There were 4,876 admissions from 2009 to 2010, and 98.9% of patients survived until unit discharge. The mean length of stay was 3.0 ± 7.4 days; 1,395 patients (35%) required mechanical ventilation at PICUs versus 167 (35%) at adult university hospital ICUs versus 79 (19%) at central hospital ICUs (p < 0.001). The odds for mortality in univariate regression analysis were emergency admission (odds ratio, 3.99; 95% CI, 1.82–8.76), cardiovascular (odds ratio, 7.84; 95% CI, 3.49–22.88), gastrointestinal (odds ratio, 5.37; 95% CI, 1.45–19.88), acute infections (odds ratio, 2.83; 95% CI, 1.23–6.48), hematologic/oncologic disease (odds ratio, 10.32; 95% CI, 3.14–33.86), and nonsurgical trauma (odds ratio, 3.53; 95% CI, 1.19–10.41).
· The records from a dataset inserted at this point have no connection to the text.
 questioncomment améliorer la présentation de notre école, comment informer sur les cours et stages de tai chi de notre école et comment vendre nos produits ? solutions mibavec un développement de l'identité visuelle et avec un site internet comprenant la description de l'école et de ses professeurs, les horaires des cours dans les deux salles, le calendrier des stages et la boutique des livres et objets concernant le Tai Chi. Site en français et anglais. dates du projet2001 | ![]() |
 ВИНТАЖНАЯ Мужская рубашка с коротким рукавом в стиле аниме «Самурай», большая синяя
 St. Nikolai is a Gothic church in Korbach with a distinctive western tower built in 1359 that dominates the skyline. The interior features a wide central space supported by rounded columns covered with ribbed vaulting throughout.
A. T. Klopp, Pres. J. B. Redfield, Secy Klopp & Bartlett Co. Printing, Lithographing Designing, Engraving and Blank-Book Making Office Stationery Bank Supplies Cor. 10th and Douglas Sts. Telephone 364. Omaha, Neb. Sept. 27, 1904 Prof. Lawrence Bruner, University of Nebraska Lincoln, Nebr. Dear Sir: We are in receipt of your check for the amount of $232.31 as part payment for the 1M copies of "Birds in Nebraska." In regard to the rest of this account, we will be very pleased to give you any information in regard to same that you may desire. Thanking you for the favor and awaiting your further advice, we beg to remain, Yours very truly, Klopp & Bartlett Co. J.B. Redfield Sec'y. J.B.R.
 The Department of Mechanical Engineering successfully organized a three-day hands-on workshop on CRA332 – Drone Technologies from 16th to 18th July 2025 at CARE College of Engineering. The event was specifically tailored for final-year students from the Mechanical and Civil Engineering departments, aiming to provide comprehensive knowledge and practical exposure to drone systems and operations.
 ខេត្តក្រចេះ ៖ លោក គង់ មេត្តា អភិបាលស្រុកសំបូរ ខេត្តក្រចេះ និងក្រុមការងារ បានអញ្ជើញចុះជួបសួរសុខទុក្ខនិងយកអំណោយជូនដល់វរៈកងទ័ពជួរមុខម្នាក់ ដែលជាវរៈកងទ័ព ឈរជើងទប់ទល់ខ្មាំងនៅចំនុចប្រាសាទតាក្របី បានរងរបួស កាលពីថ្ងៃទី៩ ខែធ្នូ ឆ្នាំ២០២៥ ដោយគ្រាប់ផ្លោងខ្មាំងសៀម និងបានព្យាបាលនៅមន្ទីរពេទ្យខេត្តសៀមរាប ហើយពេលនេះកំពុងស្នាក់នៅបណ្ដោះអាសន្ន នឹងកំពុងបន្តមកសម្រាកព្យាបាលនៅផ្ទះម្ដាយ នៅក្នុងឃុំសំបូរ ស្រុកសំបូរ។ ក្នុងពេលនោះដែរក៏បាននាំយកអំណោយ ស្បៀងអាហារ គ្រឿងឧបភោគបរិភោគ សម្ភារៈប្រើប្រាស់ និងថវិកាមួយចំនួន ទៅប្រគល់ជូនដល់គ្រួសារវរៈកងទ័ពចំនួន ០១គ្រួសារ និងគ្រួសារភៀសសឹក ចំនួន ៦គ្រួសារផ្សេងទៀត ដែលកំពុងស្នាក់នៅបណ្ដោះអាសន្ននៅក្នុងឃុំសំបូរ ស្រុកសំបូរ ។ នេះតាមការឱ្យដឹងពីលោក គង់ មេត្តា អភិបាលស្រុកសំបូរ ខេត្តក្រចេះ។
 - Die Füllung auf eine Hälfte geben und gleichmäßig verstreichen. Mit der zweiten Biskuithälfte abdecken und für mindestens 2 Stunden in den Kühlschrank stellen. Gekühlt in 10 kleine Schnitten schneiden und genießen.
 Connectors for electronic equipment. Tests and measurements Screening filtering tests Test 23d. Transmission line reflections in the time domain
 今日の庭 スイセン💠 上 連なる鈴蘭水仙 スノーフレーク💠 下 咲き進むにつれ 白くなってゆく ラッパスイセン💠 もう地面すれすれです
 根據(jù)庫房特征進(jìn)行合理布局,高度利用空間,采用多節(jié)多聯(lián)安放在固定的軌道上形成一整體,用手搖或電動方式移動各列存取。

Treatment at adult ICUs had higher odds of mortality compared with PICUs (university hospital: odds ratio, 3.93; 95% CI, 1.85–8.35 and central hospital: odds ratio, 3.91; 95% CI, 1.69–9.05), adjusted for readmission less than 48 hours after discharge, emergency admission, mechanical ventilation, and diagnostic group.

Conclusions:

Pediatric patients treated at PICUs showed lower mortality. Requirement of mechanical ventilation, emergency admission, and readmission less than 48 hours after discharge and cardiovascular, gastrointestinal, acute infections, hematologic/oncologic disease, and nonsurgical trauma were associated with higher risk of mortality.